# PES 2013/Fifa 2013 mit LAN-Funktion?



## bundesgerd (9. Dezember 2012)

Hallo zusammen, mein Kumpel und ich haben beide die Spiele PES 2013 und Fifa 2013.

Frage: ist es möglich, die Spiele zu zweit in einem Raum an zwei Rechnern zu spielen, also quasi im LAN-Modus?

Kennt sich da jemand aus? Die Handbücher schweigen sich darüber aus...


Dankeschön im Voraus

Gruss Gerd


----------



## Herbboy (9. Dezember 2012)

Ich meine nein, aber man könnte natürlich am gleichen Internetanschluss dann zusammen/gegeneinander spielen.

Ich frage mich nur: wenn ihr eh in einem Raum seid, warum spielt ihr nicht einfach am gleichen PC ? ^^


----------



## bundesgerd (27. Dezember 2012)

...du meinst es, aber du weisst es nicht genau?

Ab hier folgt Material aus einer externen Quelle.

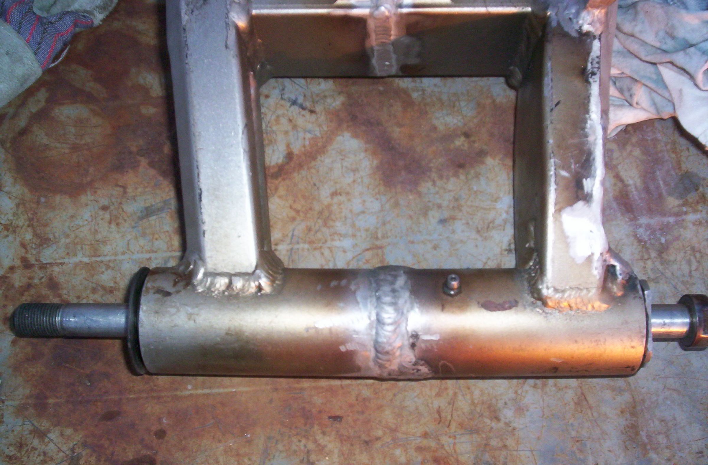 Cut the old pivot shaft and made my bushings. PITA That little welder is a POS. I'll do a little clean up later. If nothing else I have templates to be copied. They'll work but I like Leon's top hats better.
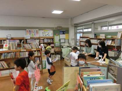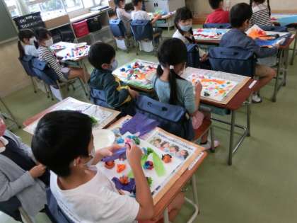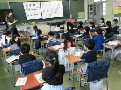 今日も雨が降り続いています。1年生のみなさんも教室で静かにすごしています。図工では「ちぎってまるめて」、好きな色のお花紙をちぎって丸めて、トンネルや虹をつくっていました。色使いがとてもきれいです。音楽では「しろくまのジェンカ」という曲に合わせてカスタネットをたたきました。リズムよく上手にたたいています。図書の時間も始まりました。蜜を避けるため、2グループに分かれて図書室に行きます。図書カードの書き方も上手になってきました。
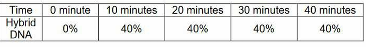 - At 20, 30, and 40 minutes: The percentage of hybrid DNA remained at 40%, indicating that no further DNA replication was occurring beyond the first 10 minutes.
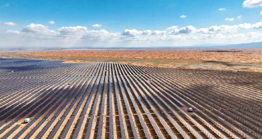 ▲中衛(wèi)市沙坡頭區(qū)的國家能源集團寧夏騰格里沙漠新能源基地
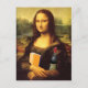 Funny Mona Lisa with Wine and Book Postcard
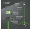 The SMD LED light is mounted to a 1.8m tripod via a quick-release mount. The mount can be easily removed for freestanding use or attached to flat surfaces via magnets located on the base. Crafted for rugged conditions, the aluminium body with rubber overmold provides excellent durability, while the IP44 rating protects against dust and splashes.
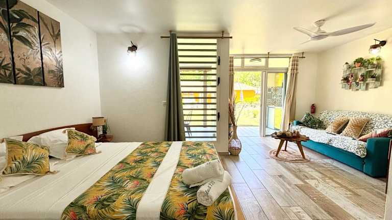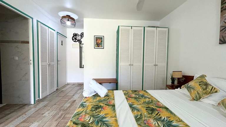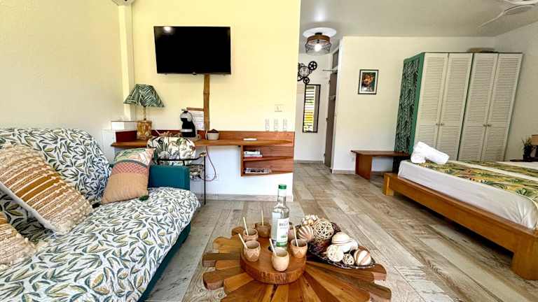 Das klimatisierte Apartment im Un petit coin de paradis ist komfortabel und gemütlich eingerichtet. Es besteht aus einem Schlafzimmer, einem Wohnzimmer und einer voll ausgestatteten Küchenzeile mit einem Kühlschrank und einer Kaffeemaschine. Das Badezimmer ist mit einer Dusche und einem Haartrockner ausgestattet. Handtücher und Bettwäsche werden gestellt, um Ihren Aufenthalt so angenehm wie möglich zu gestalten.
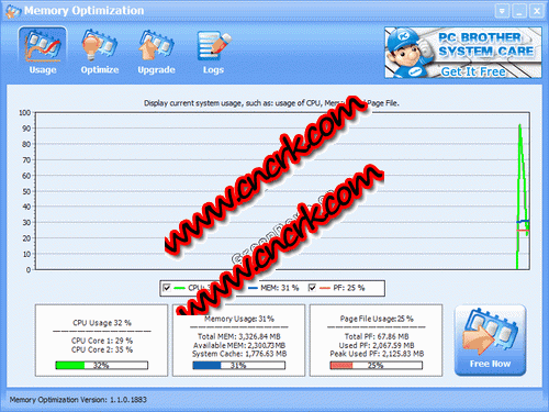 Memory Optimization是一款内存优化软件,内存优化工具,发展成为一个强大而易于使用的系统应用程序,可以优化你的电脑。 优化内存的使用标签窗口可以让你看到的CPU内存和页面文件使用率水平。 设置内存优化窗口将允许用户设置显示模式和分配热键。
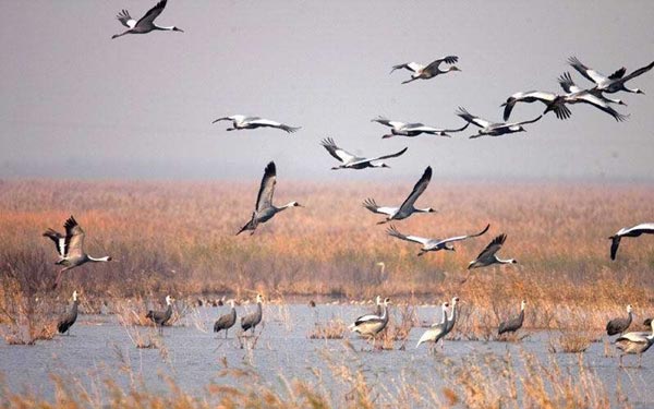 The Yellow River Delta Wetland area is famous for its beautiful sunsets on the Yellow River. (Photo/China.org.cn)
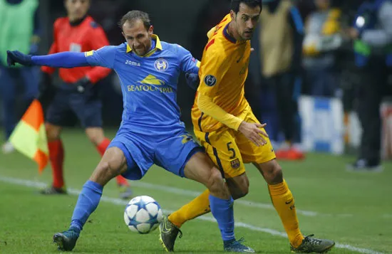 Busquets (phải, Barcelona) thoát khỏi sự đeo bám của Stasevich (Bate).
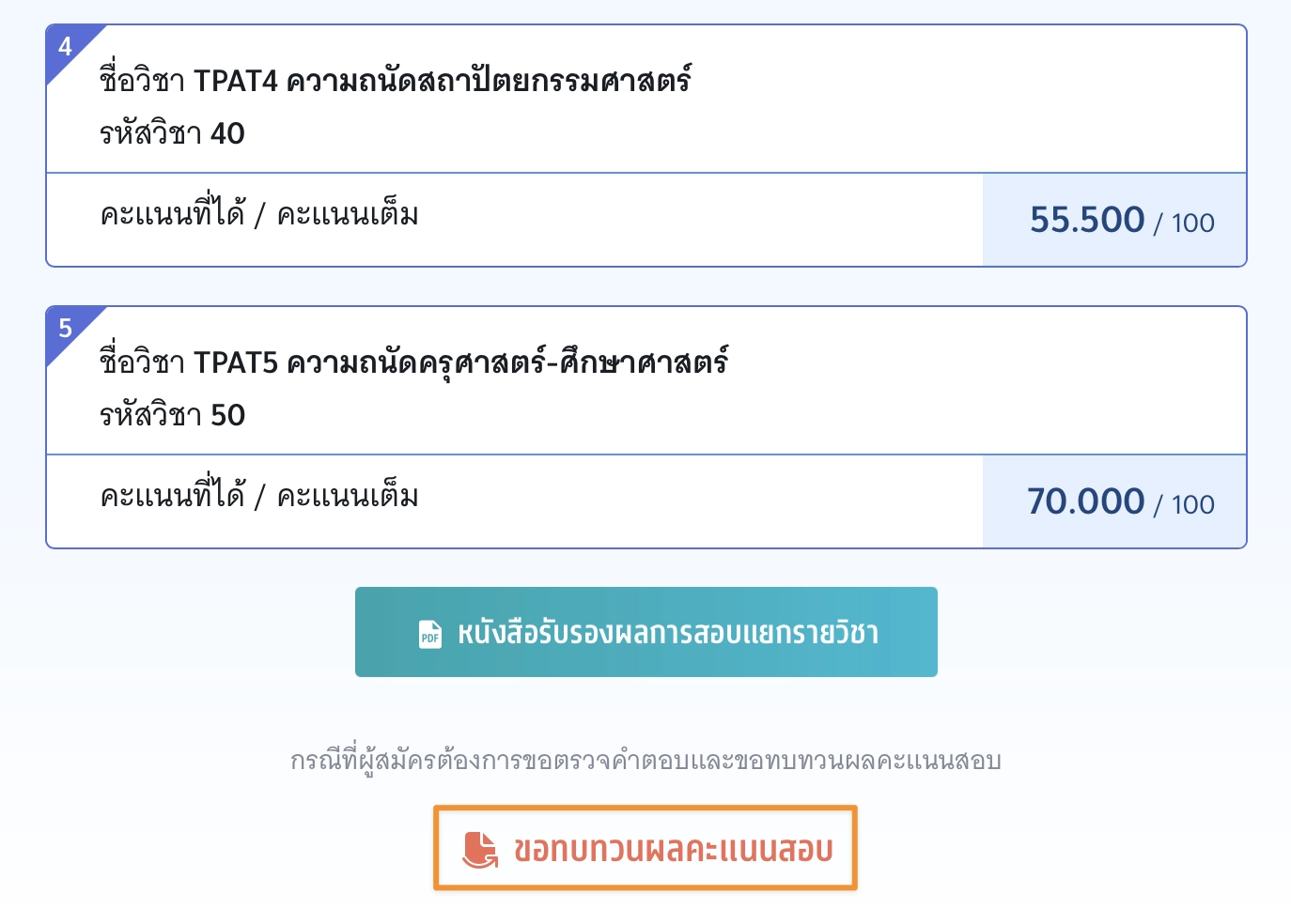 ระบบจะแสดงรายละเอียดผลสอบ TGAT/TPAT2-5 ทั้งหมด ซึ่งผู้สมัครสามารถเลือก “หนังสือรับรองผลการสอบแยกรายวิชา” เพื่อดาวน์โหลดเอกสารหนังสือรับรองผลการสอบแยกรายวิชา

Ich meine auch, ich wüsste es, aber deswegen frage ich hier in diesem Forum.


----------



## bundesgerd (27. Dezember 2012)

Und nein, 2 Spieler am 1 Rechner ist nicht erwünscht...


----------



## Herbboy (27. Dezember 2012)

Also, ich hab inzwischen gehört, dass man Fifa13 nur per Crack im LAN spielen kann - das kann man hier natürlich dann nicht verlinken oder beschreiben. Und bei PES 2013 hab ich nur gefunden, dass es keinen LAN-Modus gibt.

Ihr habt also keinen Internetanschluss zu Verfügung, oder warum ist LAN so wichtig?

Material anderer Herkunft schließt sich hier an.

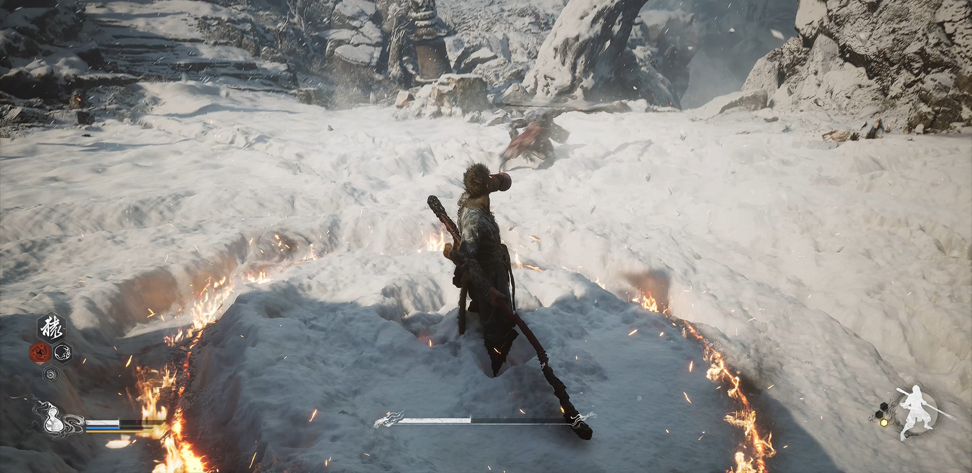 在游戲的界面上可以看到角色目前的狀態(tài),在狀態(tài)欄上包括了角色的血條和藍(lán)條和黃條,黃條也就是角色的精力條,法術(shù)會(huì)消耗藍(lán)條,奔跑、跳躍、棍花都在消耗精力條,一旦精力耗盡的話那么玩家只能在原地行走了,無法進(jìn)行棍棒來施展輸出。
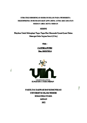 Putri, Cantika (2021) Strategi Bimbingan Rohani Islam Pada Penderita Skizofrenia Di Rumah Sakit Jiwa Bina Atma Kecamtan Medan Area Kota Medan. Skripsi thesis, Universitas Islam Negeri Sumatera Utara.
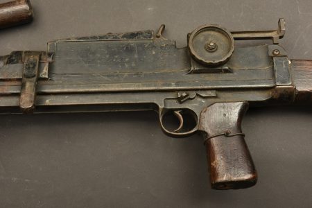 Fusil mitrailleur Bren MKI. Catégorie C9. Bronzage à 30%, nombreuses marques de peinture noire. Bâti en métal, crosse en bois incomplète. Poignée supplémentaire présente, bipied présent... en savoir plus

Was ich nicht verstehe ist, warum ihr es nicht an EINEM PC spielen wollt - man sieht doch eh das gleiche Bild, egal an welchem Monitor man sitzt. Dafür spart man sich aber den Platz und Stromverbrauch des zweiten PCs. Oder bevorzugt ihr beiden jeweils völlig andere Kameraperspektiven, und das ist der Grund?


----------



## bundesgerd (27. Dezember 2012)

Bei FIFA 13 gehts schon im quasi-LAN, natürlich die gekaufte Version, die man ordnungsgemäss in Origin registriert. Innerhalb Origin addet man seinen Kumpel in der Freundesliste und umgekehrt. Beide starten FIFA 13 und innerhalb des Bereiches "Online-Modus (kenne nicht den genauen Menü-Namen)" findet sich man dann. Man sitzt im selben Raum aber gespielt wird uber Internet ohne LAN-Funktion. So habe ichs oft gelesen und deswegen frage ich mich, ob eine ähnliche Konstellation bei PES 13 klappen würde. 
Wie gesagt ich habe das Spiel aber eine "Freundesliste" finde ich in den Menüs nirgendwo...
Doch, Internet is da. 2 Rechner hinterm Switch, Switch am Router (Router hat nur EINEN Ethernet-Eingang, deswegen Switch, sch*** Telekom-Router).
Ja, jeder will hinter seinem Rechner bleiben. 
Bevor mein Kumpel auch PES 2013 kauft und es klappt nicht, spielen wir lieber das olle FIFA 10, schei** Grafik aber mit LAN...
So klappts wenigstens.


----------



## Herbboy (27. Dezember 2012)

Warum sollte das bei PES 2013 denn nicht klappen? ^^   Das hat ja auch nen Onlinemodus, und wo die Leute dann jeweils sitzen, ist doch egal  


Bei PES musst Du meines Wissens in eine "Lobby" gehen, und dann kann der Freund die gleiche Lobby "suchen", und dann spielt man zusammen. Vlt. kann man auch Freunde adden und einladen, weiß ich nicht genau - evlt. mail mal Shadow_Man an, der ist PES-Jünger: http://forum.pcgames.de/members/830405-shadow_man.html


----------



## bundesgerd (27. Dezember 2012)

OK, mach ich.

Danke für den Tip. Ich melde mich, wies ausgegangen ist. 

Gruss


----------



## Shadow_Man (28. Dezember 2012)

Es gibt bei beiden leider keinen Lan-Modus. Wenn ihr euch bei PES z.B. verabreden wollt, dann geht am besten unter Freundschaftsspiele, Freundschaftsspiele-Lobby. Dort könnt ihr euch dann irgendwo treffen, für Deutschland z.B. EU-03-DE. 
Unter Online-Community könnt ihr euch auch eine eigene Community erstellen und die nennen, wie ihr möchtet. 
Einfach mal ein bißchen ausprobieren 
Aber es gibt wie gesagt keinen Lan-Modus und jeder braucht auch ein Exemplar zum Zocken.


----------